_What is required_
Below is a listing; restate from it, character for character, the lines beginning at the line holding "The people’s government" and ending at the line holding "El evento se", both included.

──────── Data shown

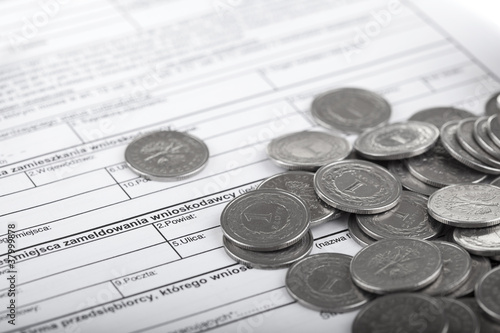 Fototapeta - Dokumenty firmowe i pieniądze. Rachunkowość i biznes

────────────────
──────── Data shown

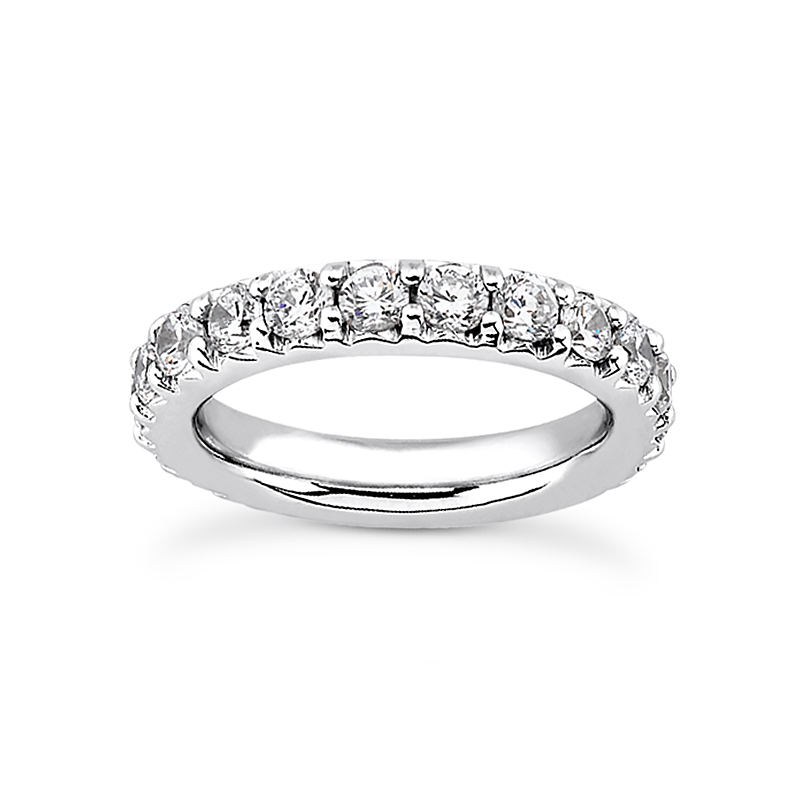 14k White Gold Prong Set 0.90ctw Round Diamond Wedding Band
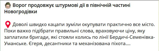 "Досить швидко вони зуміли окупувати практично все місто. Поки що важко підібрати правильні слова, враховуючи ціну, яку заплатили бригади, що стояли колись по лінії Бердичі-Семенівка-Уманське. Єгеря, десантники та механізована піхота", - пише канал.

────────────────
──────── Data shown

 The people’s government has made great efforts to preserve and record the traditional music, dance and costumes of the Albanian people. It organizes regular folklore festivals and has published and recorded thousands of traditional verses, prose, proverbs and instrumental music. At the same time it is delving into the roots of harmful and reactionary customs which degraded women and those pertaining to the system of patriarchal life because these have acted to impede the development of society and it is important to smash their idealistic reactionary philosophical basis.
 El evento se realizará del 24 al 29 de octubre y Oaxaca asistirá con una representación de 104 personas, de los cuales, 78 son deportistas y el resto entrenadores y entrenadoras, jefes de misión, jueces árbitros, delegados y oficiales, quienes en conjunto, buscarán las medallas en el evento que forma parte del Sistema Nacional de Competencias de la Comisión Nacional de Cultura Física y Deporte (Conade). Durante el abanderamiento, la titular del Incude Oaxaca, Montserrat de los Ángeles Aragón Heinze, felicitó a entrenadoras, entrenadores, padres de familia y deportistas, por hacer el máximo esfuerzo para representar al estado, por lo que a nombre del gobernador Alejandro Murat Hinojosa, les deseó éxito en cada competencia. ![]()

────────────────

_Your solution_
 The people’s government has made great efforts to preserve and record the traditional music, dance and costumes of the Albanian people. It organizes regular folklore festivals and has published and recorded thousands of traditional verses, prose, proverbs and instrumental music. At the same time it is delving into the roots of harmful and reactionary customs which degraded women and those pertaining to the system of patriarchal life because these have acted to impede the development of society and it is important to smash their idealistic reactionary philosophical basis.
 El evento se realizará del 24 al 29 de octubre y Oaxaca asistirá con una representación de 104 personas, de los cuales, 78 son deportistas y el resto entrenadores y entrenadoras, jefes de misión, jueces árbitros, delegados y oficiales, quienes en conjunto, buscarán las medallas en el evento que forma parte del Sistema Nacional de Competencias de la Comisión Nacional de Cultura Física y Deporte (Conade). Durante el abanderamiento, la titular del Incude Oaxaca, Montserrat de los Ángeles Aragón Heinze, felicitó a entrenadoras, entrenadores, padres de familia y deportistas, por hacer el máximo esfuerzo para representar al estado, por lo que a nombre del gobernador Alejandro Murat Hinojosa, les deseó éxito en cada competencia. ![]()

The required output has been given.